Em São Francisco, EUA, onde os ciclistas já enfrentam motoristas irritados e pedestres imprevisíveis, os carros autônomos representam um novo obstáculo. Nos últimos anos, um número maior de veículos se espalhou pela cidade, tornando ela um laboratório nacional para as empresas testarem e aprimorarem a tecnologia.

Ciclistas desconfiam da capacidade de carros autônomos  Foto: Mike Kai Chen/Mike Kai Chen for The Washington Post

Com o aumento das mortes de ciclistas - mais de 1,1 mil nas estradas americanas em 2022, de acordo com os dados federais mais recentes - as empresas de carros autônomos estão se apresentando como parte da solução. Mas os ciclistas da região da Baía de São Francisco, que vêm experimentando a tecnologia, são cautelosos.

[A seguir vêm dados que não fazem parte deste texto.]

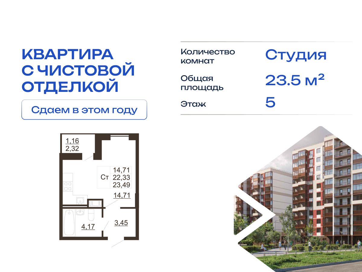 Продается квартира студия в жилом комплексе "Рубеж" от ГК СТОУН нa 5 этаже. Общaя площадь cоcтaвляeт 23.49 кв. м.

Muitos deles estão esperançosos com um mundo de motoristas robôs que nunca se irritam na estrada ou se distraem com seus telefones. Mas alguns se ressentem de serem cobaias de veículos sem motorista que entram nas ciclovias, param de repente e confundem os ciclistas que tentam contorná-los. Em várias reclamações enviadas ao DMV, os ciclistas descrevem os quase acidentes de perto perturbadores - incluindo o alarmante contato de Martin com um veículo Cruise que ele relatou em agosto de 2023.

A Cruise, de propriedade da General Motors, e a Waymo, empresa “irmã” do Google, são as duas maiores empresas de carros autônomos e lançaram serviços no estilo táxi para. Várias empresas menores, incluindo a Zoox, de propriedade da Amazon, também estão fazendo testes em São Francisco e em outras cidades.

A Cruise e a Waymo afirmam que priorizam a segurança dos ciclistas e que os registros de segurança de seus veículos são melhores do que os carros dirigidos por humanos.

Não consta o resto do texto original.